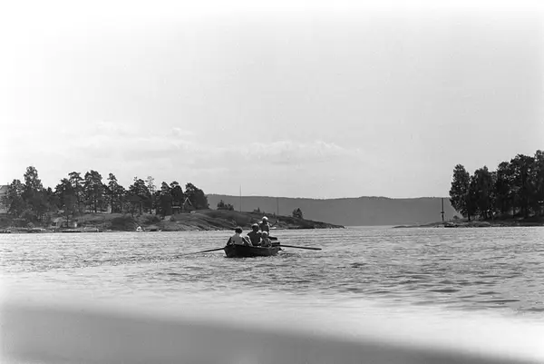 Erik Damman, reklamekonsulent fra Oslo, ferierer i båt med familien i Oslofjorden. De skal ro 10 - 12 mil i løpet av 8 - 10 dager, og går i land på små holmer som fjorden har mange av. Her er Rein (10), Erik Damman, Brede (5), Are (8), Ranghild Damman og mintemann Jaran (1,5) samlet i båten.
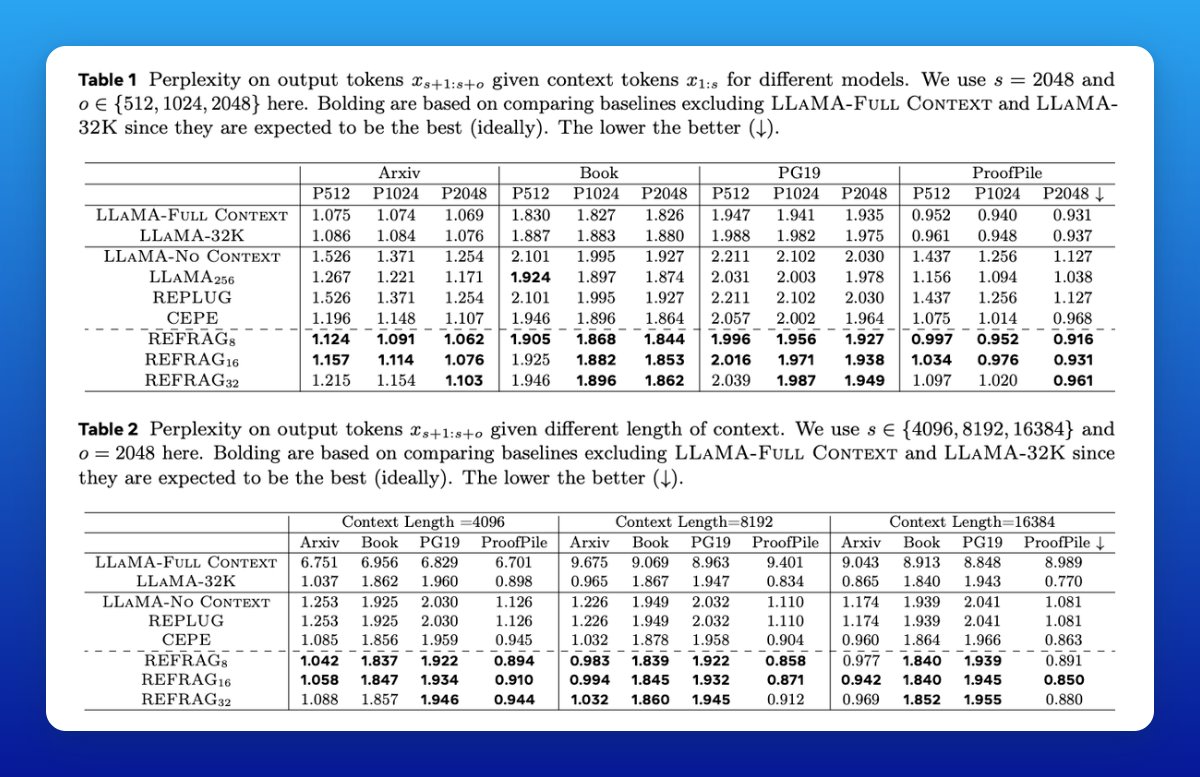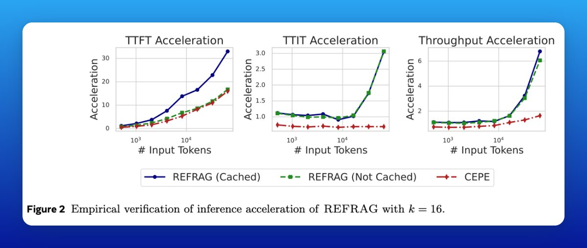 By compressing most chunks, REFRAG effectively extends model context length up to 16× more tokens, letting it juggle way more retrieved passages without breaking latency budgets.
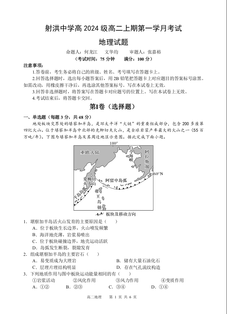 四川省遂宁市射洪中学2025-2026学年高二上学期10月月考 地理.docx
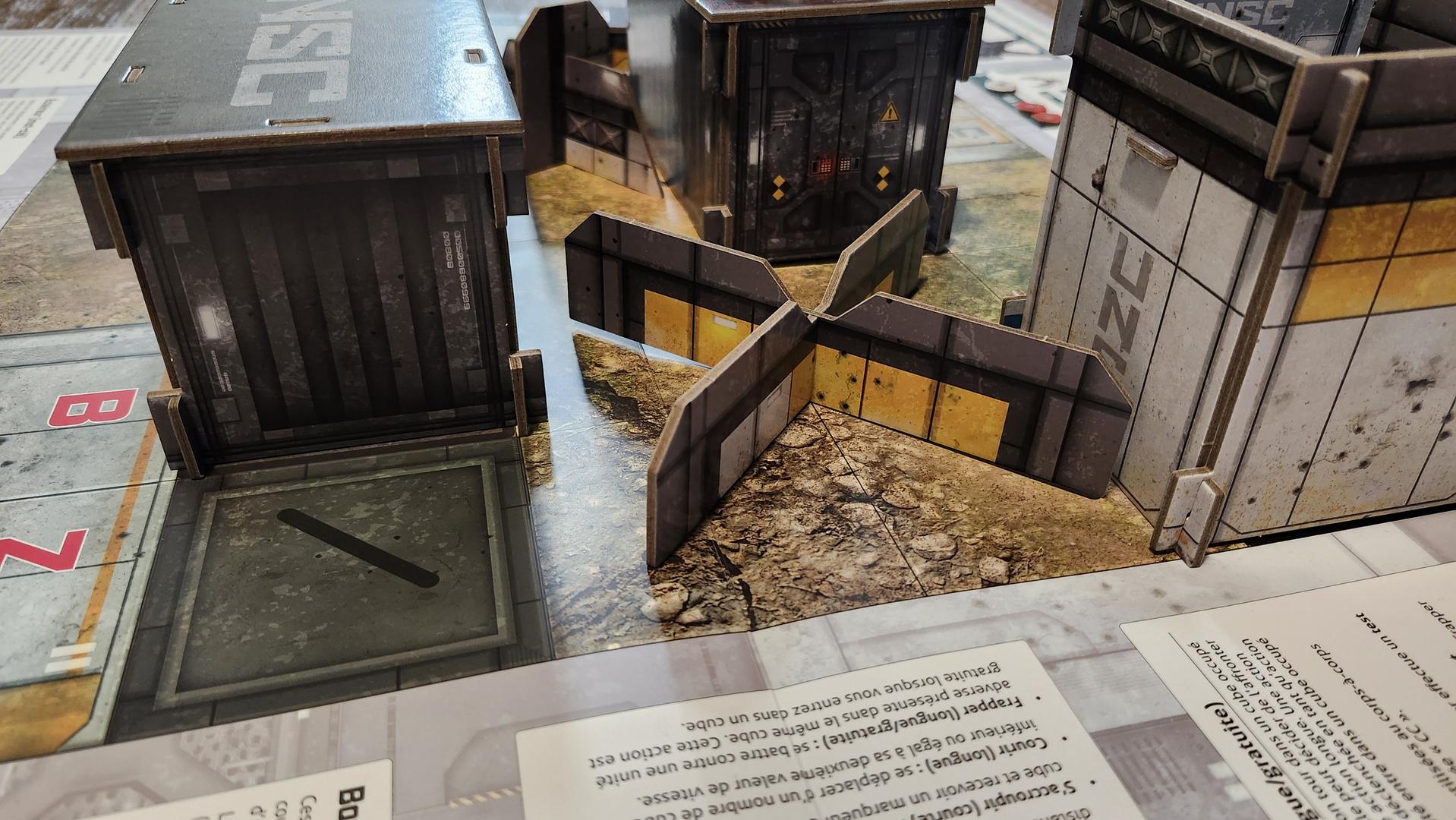 D’un autre côté, c’est le reste des règles qui est parfois trop complexe. Et si la première partie nous permettait de facilement nous repérer grâce aux aide-mémoire imprimés sur le plateau, ce fut très différent pour les parties suivantes. Dans cette section de ma critique, je vais parler plus en détail des règles. Je vais vous parler de ce que j’ai aimé et de ce que j’ai moins aimé en commençant par les déplacements. À ce niveau, le jeu est assez clair. Bien que cinq pages du livret de règle soient consacrées uniquement aux déplacements, ce n’est pas le point qui nous a le plus causé de problèmes. Pour vous déplacer, il faut bouger de façon orthogonale, c’est-à-dire en n’empruntant pas les diagonales. Si un mur se trouve sur votre chemin, vous devez le contourner. Il est possible de passer par-dessus les petites barricades et d’escalader les éléments 3D, comme les conteneurs, les caisses et la tour de guet. Toutefois, il arrive que certains éléments soient placés de façon à ce que l’espace disponible pour circuler soit restreint. Si vous disposez d’au moins un demi cube pour vous déplacer, vous pouvez circuler librement, mais si l’espace est réduit, vous devrez discuter avec votre adversaire en début de partie afin de déterminer les endroits que vous considérez comme franchissables.
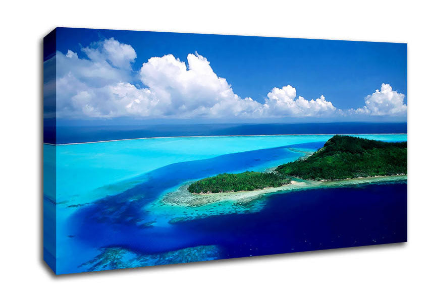 Turquoise Island Paradise Wide Canvas Print handmade in the UK. Stretched over a 2 inch thick wooden box frame, ready to hang on your wall.
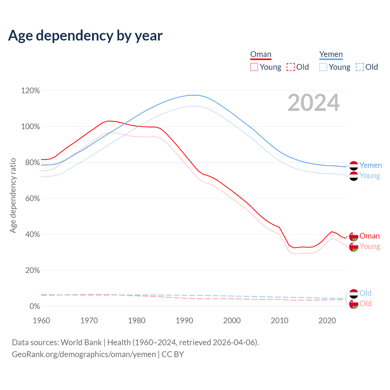 - The share of old-age demographic (65+) in Oman is 2.64% vs 2.52% in Yemen.
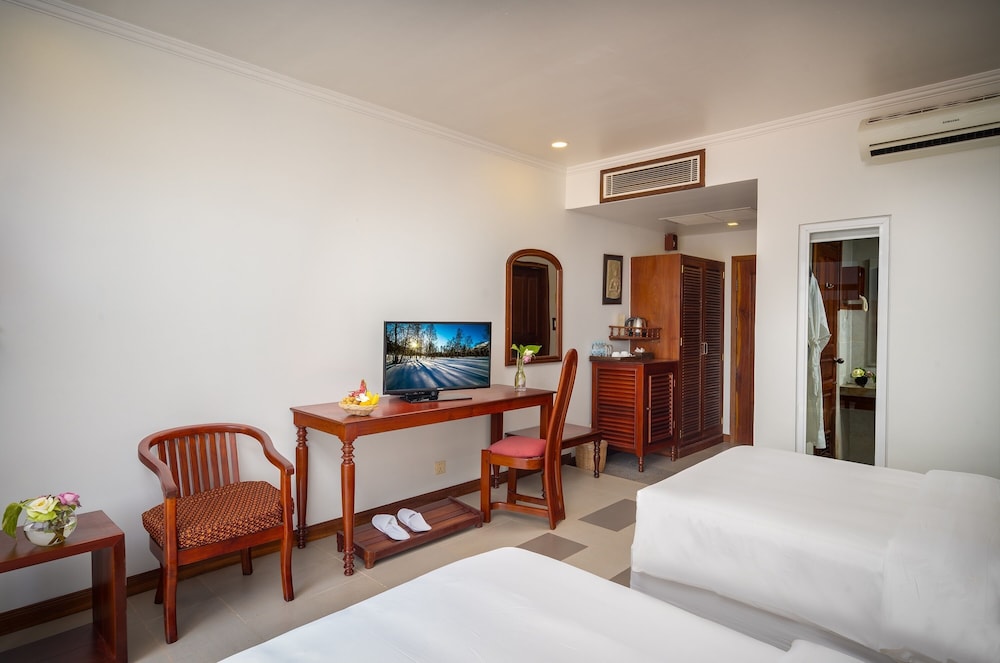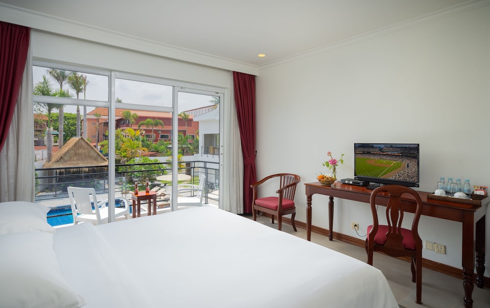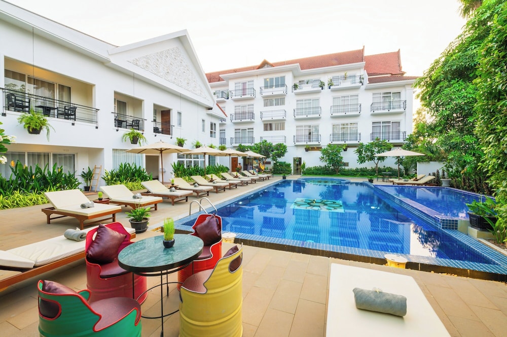 Lovely calm hotel in Siem Reap right across the street from the museum and next to a large modern supermarket. Nice pool area and friendly staff. Wish I had booked more nights at this hotel.

What you will do -> If pictures appear, drop them, and retype exactly the lines from the "- The share" line through the last line of the data above.

Answer to the exercise ->
 - The share of old-age demographic (65+) in Oman is 2.64% vs 2.52% in Yemen.
 Lovely calm hotel in Siem Reap right across the street from the museum and next to a large modern supermarket. Nice pool area and friendly staff. Wish I had booked more nights at this hotel.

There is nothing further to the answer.